BIP Index construction

Dimensions. To identify adequate variables, some response variables or known proxies for the state of biodiversity informatics were needed. Predictor variables could then be compared with the proxies if cases could be found, and a general model could be derived to be applicable to the remainder countries.

The chosen proxies were the number of records made available through GBIF's index [8]. GBIF can be regarded as a sample of the world's biodiversity knowledge as represented by PBRs [6]. Four sets of data were available related to hosting and generation of PBRs. These sets represent the 'dimensions' of the BIP Index, related to its ability to predict data generation and data hosting by countries. The four dimensions were:

(a) Number of PBRs occurring in each country (whether published by that same country or by another country), hereinafter DAT, as an indicator of the potential raw biodiversity data produced in that country.

(b) Number of geo-referenced PBRs occurring in each country (whether published by that same country or by another country), hereinafter GRF, as an indicator of the higher quality biodiversity data produced in that country.

(c) Number of PBRs made public by a country (whether occurring in that same country or in another country), hereinafter HOST, as an indicator of the technical hosting capacity of that country.

(d) Number of different taxa, generally at the species level, listed in the PBRs occurring in a country, hereinafter SPCS, as an indicator of the potential raw biodiversity data existing in that country.

The BIP Index is a composite of predictions for these four dimensions based on the predictor variables, tested against these dimensions known from current GBIF participant countries.

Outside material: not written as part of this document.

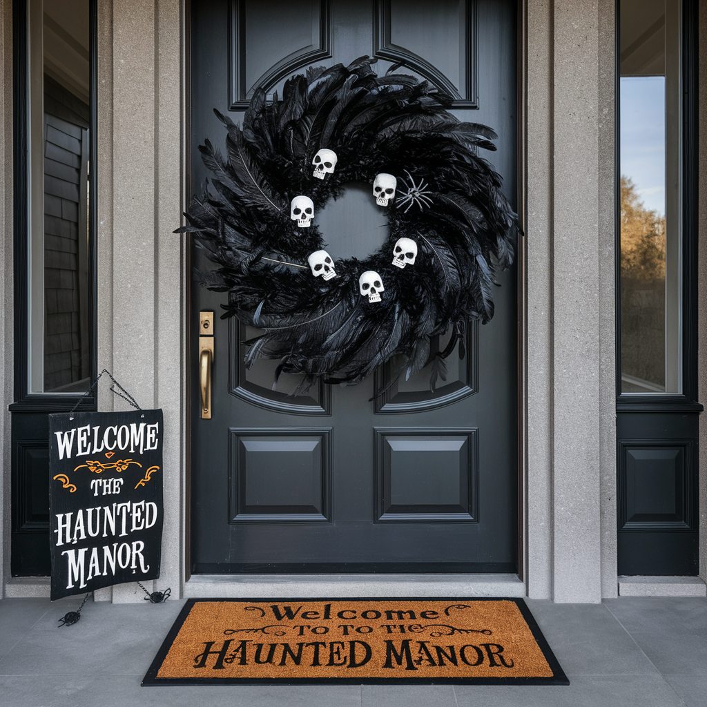 Your front door is the centerpiece of your porch, making it the perfect spot to showcase your Halloween creativity and set the tone for the rest of your decor. It’s where eyes naturally land first, so aim to make it both festive and memorable. Consider hanging a dramatic black feather wreath to add texture and mystery, or display a custom-made sign with a spooky or humorous Halloween message to immediately engage your guests.
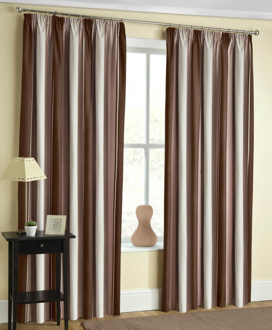 Бело-коричневые шторы являются удачным и наиболее популярным решением. Контраст цветов создает «изюминку» помещения.

DAT and GRF are closely related variables (GRF being a subset of DAT) and in the final BIP Index formulation, these two dimensions are weighted and amalgamated into one, yielding the three-dimensional vector that forms the current version of the BIP Index. Further, SPCS can be combined with the DAT-GRF dimension into the 'data generation' axis, theoretically orthogonal (but not uncorrelated) to the 'data hosting' axis represented by HOST. In theory, a country with rich biodiversity (SPCS) and large biomass-related size (DAT-GRF) should have a higher potential to produce biodiversity data, other parameters being equal.

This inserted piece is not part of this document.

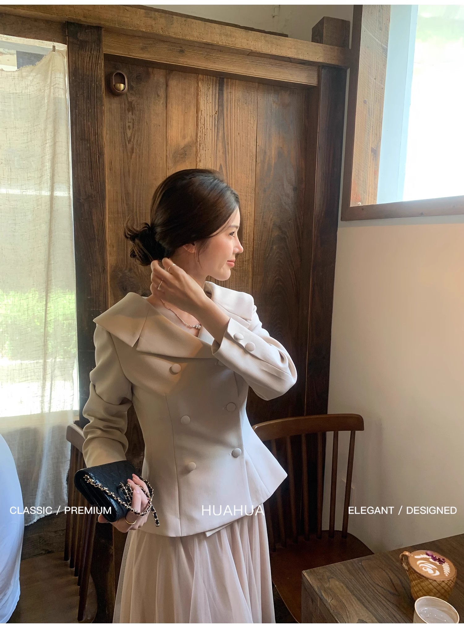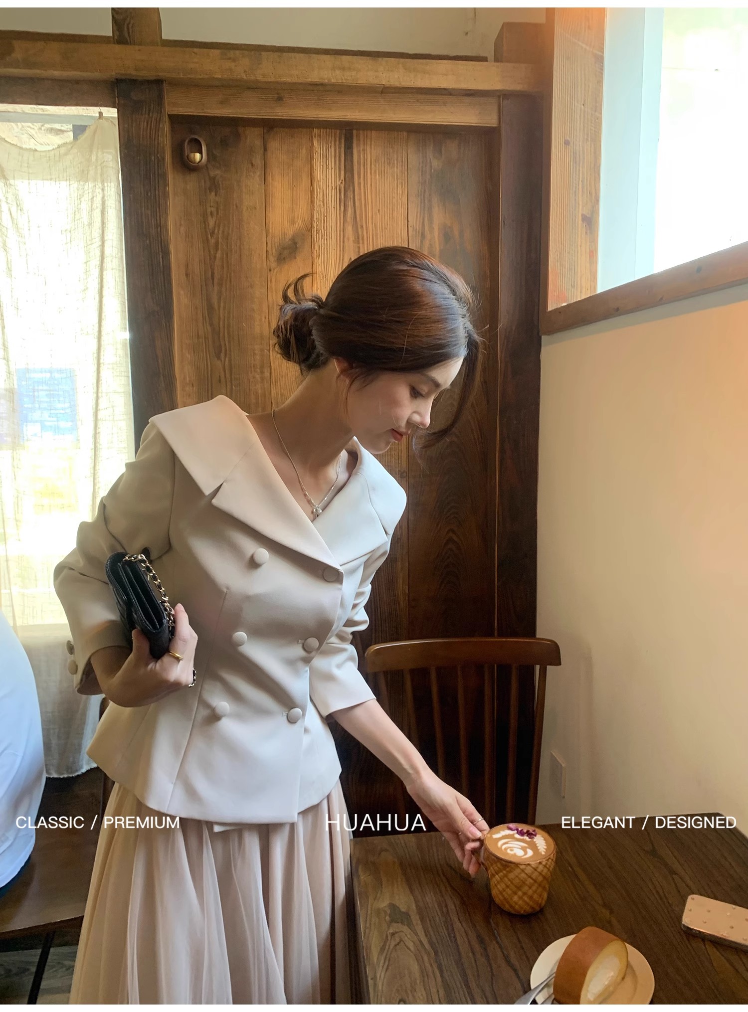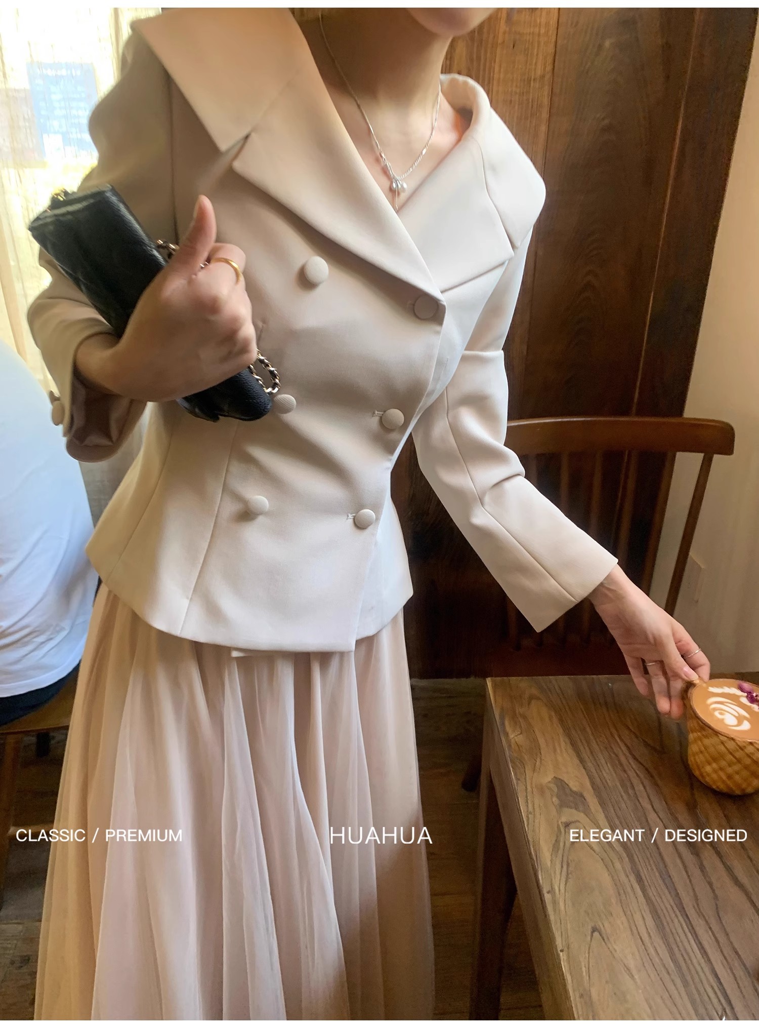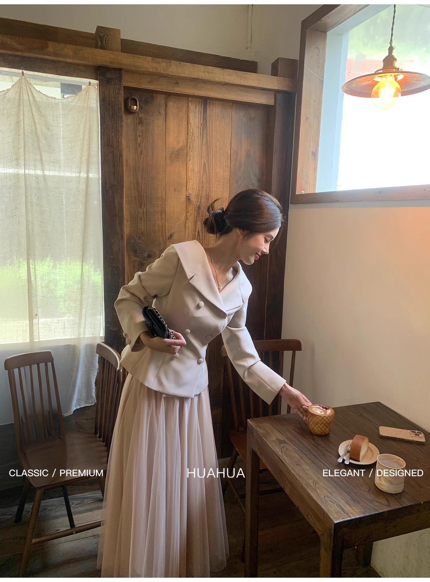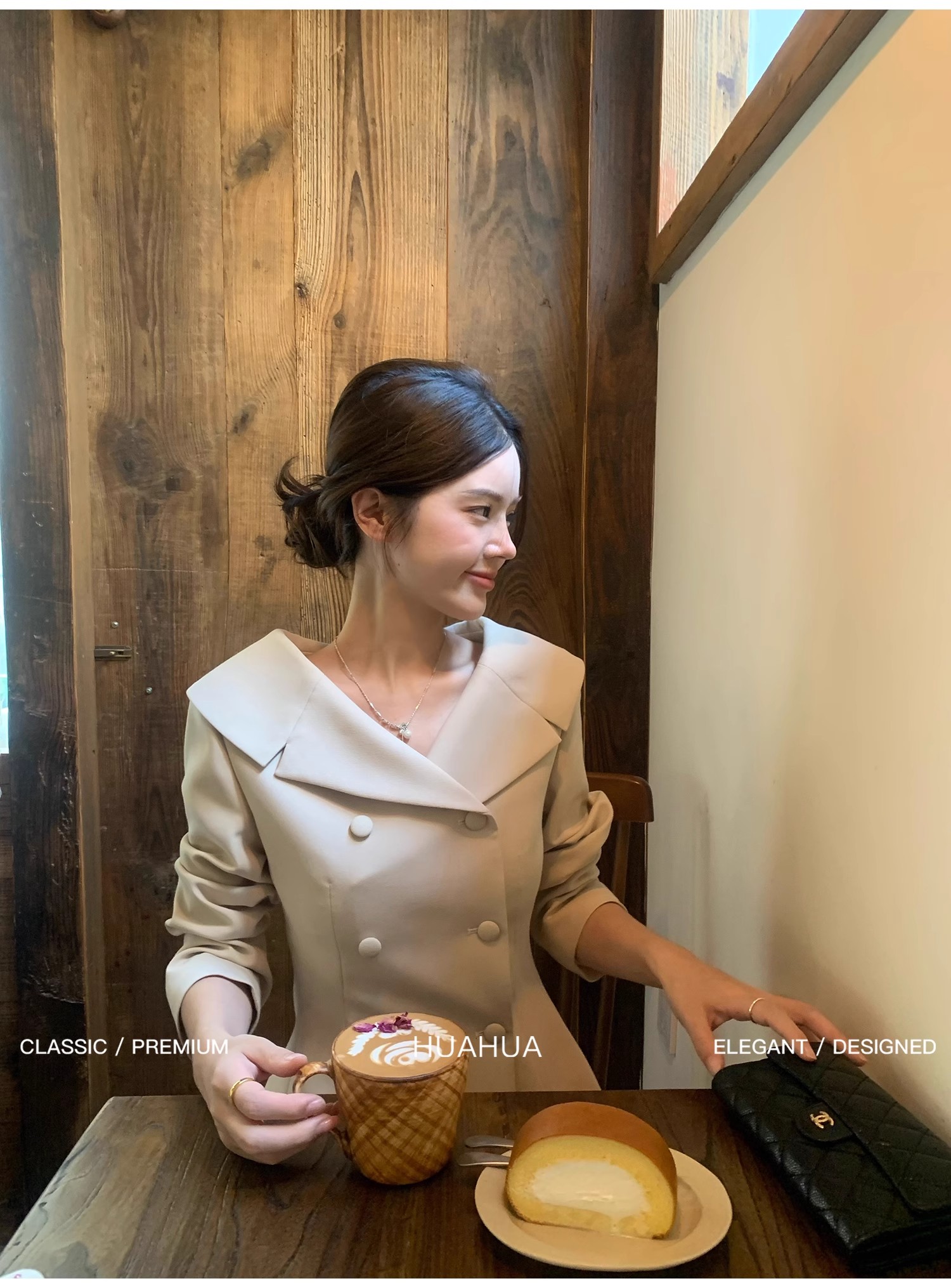 花花 高干女主~韩版气质收腰显瘦双排扣西装外套

Predictor variables. The BIP Index attempts to explain the response variables from a relatively small set of meaningful predictor variables. Thus, much of the work in developing the BIP Index was choosing which predictors, from many available, would contribute to the formulation of the BIP Index and which predictors would have little or no predicting power and could be discarded.

The predictor variables could belong to at least three main areas that concur into the BIP Index:

(a) Economic power indicators, which may underlie efforts at directing resources towards research and obtaining data. These can in turn be related to sociological indicators, as well as raw power. Example indicators are: gross domestic product (GDP), purchasing power parity (PPP), per-capita income (PCI) and economic models; geographical indicators such as size and exclusive economic zone (EEZ); social indicators such as population, percentage literacy, percentage employment and Gini coefficient.

(b) Data potential indicators. Biodiversity richness, as measured through appropriate proxies that may result in data: higher biodiversity or larger relative natural areas might mean more potential data. Conversely, reduced biodiversity through soil use may reduce data expectation. Example parameters are: species richness and diversity, hotspots, ecological footprint, number of endemic species and number of collections.

(c) Informatics capacity. The data availability can be enhanced by power, but the databasing and sharing depends on information technology capacity. Example indicators are: digital opportunity index (DOI), educational level and bandwidth per capita.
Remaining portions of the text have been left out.